DATASET EXTRACT ->
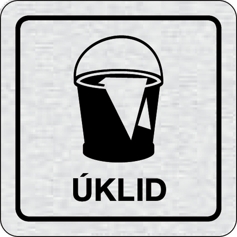 piktogram upratovanie, rozmer 80x80 mm - piktogram je vyrobený technológiou tepelne chemickej tlače na hliníkovú tabuľku- vďaka špeciálnemu chemickému zloženiu je výsledná tlač odolná proti poškrabaniu- piktogram s rozmerom 80x80 mm je zozadu vybavený sam
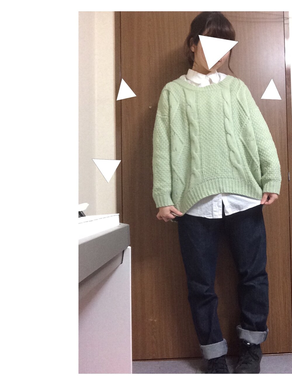 シンプル(^^) ニット×シャツはとても好きです(^.^)
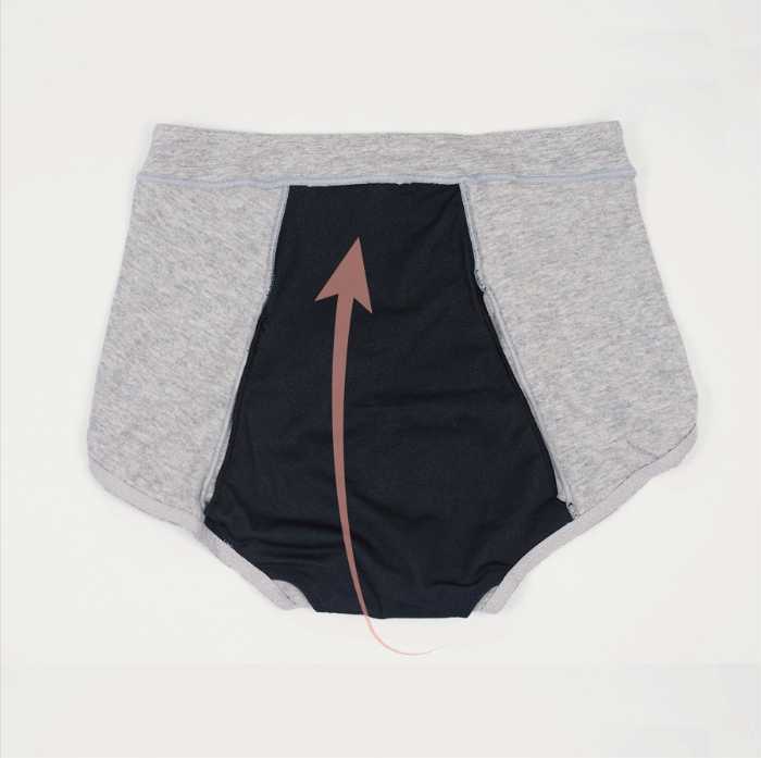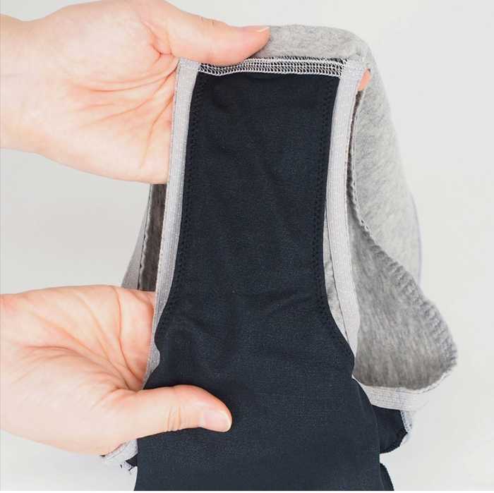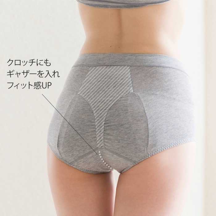 ナプキンのずれやよれが気になる…そんなお悩みをグラモアが解決。独自のV字ギャザーでヒップをしっかりホールドし、クロッチ部分のギャザーでナプキンをフィット。

WHAT THE TASK ASKS -> Do not include the images; transcribe the rest of the listing exactly.

TASK RESULT ->
 piktogram upratovanie, rozmer 80x80 mm - piktogram je vyrobený technológiou tepelne chemickej tlače na hliníkovú tabuľku- vďaka špeciálnemu chemickému zloženiu je výsledná tlač odolná proti poškrabaniu- piktogram s rozmerom 80x80 mm je zozadu vybavený sam
 シンプル(^^) ニット×シャツはとても好きです(^.^)
 ナプキンのずれやよれが気になる…そんなお悩みをグラモアが解決。独自のV字ギャザーでヒップをしっかりホールドし、クロッチ部分のギャザーでナプキンをフィット。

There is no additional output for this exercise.